What do cowboys and falcons have in common? Football fans will recognize them as two of the NFL’s 32 franchises, from Dallas and Atlanta, respectively. But they’re also the code names used during acquisition talks between Southwest and AirTran: Southwest, which is based in Dallas, was codenamed “Cowboy,” while AirTran was “Falcon,” in homage to its hub in Atlanta.

Sounds like the big shots running this thing had a little fun with it, huh?

But according to Bloomberg, which published a behind-the-scenes look at the merger, it wasn’t all jokes and games. In fact, the merger started with an impromptu meeting arranged by Southwest CEO Gary Kelly—a meeting he feared might blow up in his face. Kelly tells Bloomberg, “I just picked up the phone and called [AirTran CEO Bob Fornaro]. I was purposely vague. I said, ‘Do you want to sit down and explore what we can do together?’ It wasn’t until we actually met in person a couple of weeks later that I laid out what I wanted to talk about. I didn’t know if he’d get up and leave or not.”
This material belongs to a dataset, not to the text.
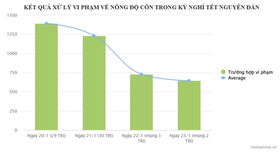 Theo thống kê của Cục CSGT (Bộ Công an), từ đầu kỳ nghỉ lễ đến nay (20/1- 23/1), lực lượng CSGT toàn quốc đã phát hiện, xử lý 3.999 trường hợp vi phạm nồng độ cồn. Riêng trong ngày mùng 2 Tết, đã có 646 tài xế vi phạm bị xử lý.

Initially, Fornaro said the airline wasn’t for sale—but AirTran was nevertheless “willing to entertain an offer from Southwest,” according to Kelly.

The rest, as we now know, is history.

In a similar piece by the Atlanta Journal-Constitution, which has closely monitored the acquisitions effects on AirTran and Atlanta, Fornaro says there was “no other bidder.” Fornaro tells Bloomberg that only seven or eight AirTran executives even knew the deal was in the works.

Unsurprisingly, then, the surprise factor—few in the industry suspected a Southwest-AirTran deal—was by design. “Secrecy and avoiding leaks was absolutely paramount,” Fornaro tells Bloomberg.

Ultimately, Fornaro said the deal went forward because it made sense for AirTran. “You’ve got to put yourself in the situation where you can win,” he tells the AJC. “That was the motivation from my perspective. The company would be in a better position and 8,000 [employees] would get the benefit of that.

Fornaro continued, “Any potential deal had to be friendly. It was very important because the cultural fit had to be there. And quite frankly it had to be a deal that took care and created opportunities for both employee groups.”